What is needed is an exact copy of the lines from the one containing "Flot skjorte fra" through the last line of the records below, with no pictures.

╭─ Records for the task

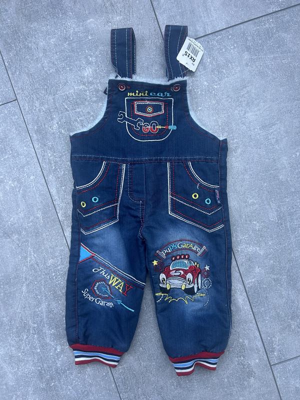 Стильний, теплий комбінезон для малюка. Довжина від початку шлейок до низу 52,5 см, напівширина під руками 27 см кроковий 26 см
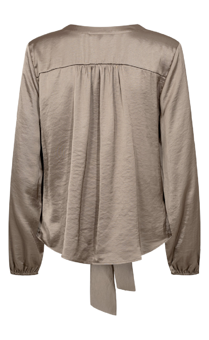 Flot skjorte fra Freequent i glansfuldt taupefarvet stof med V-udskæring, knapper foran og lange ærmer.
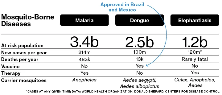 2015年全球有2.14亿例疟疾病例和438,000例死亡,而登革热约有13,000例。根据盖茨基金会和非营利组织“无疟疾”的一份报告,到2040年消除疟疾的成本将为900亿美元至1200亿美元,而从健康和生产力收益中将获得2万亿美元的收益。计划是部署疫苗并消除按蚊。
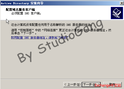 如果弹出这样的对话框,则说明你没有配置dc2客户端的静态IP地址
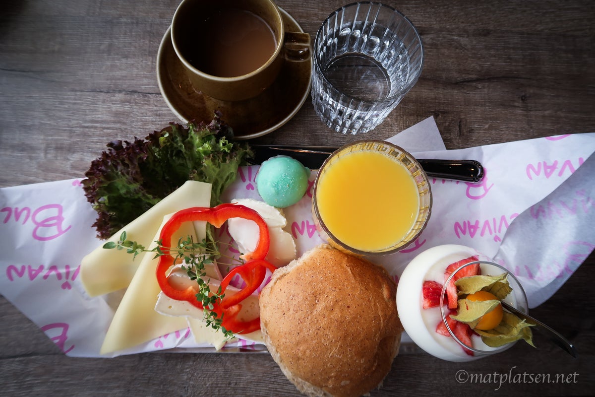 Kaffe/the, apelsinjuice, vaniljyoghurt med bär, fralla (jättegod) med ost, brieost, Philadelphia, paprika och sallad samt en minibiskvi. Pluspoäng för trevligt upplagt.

╰─

> Answer section:
 Flot skjorte fra Freequent i glansfuldt taupefarvet stof med V-udskæring, knapper foran og lange ærmer.
 2015年全球有2.14亿例疟疾病例和438,000例死亡,而登革热约有13,000例。根据盖茨基金会和非营利组织“无疟疾”的一份报告,到2040年消除疟疾的成本将为900亿美元至1200亿美元,而从健康和生产力收益中将获得2万亿美元的收益。计划是部署疫苗并消除按蚊。
 如果弹出这样的对话框,则说明你没有配置dc2客户端的静态IP地址
 Kaffe/the, apelsinjuice, vaniljyoghurt med bär, fralla (jättegod) med ost, brieost, Philadelphia, paprika och sallad samt en minibiskvi. Pluspoäng för trevligt upplagt.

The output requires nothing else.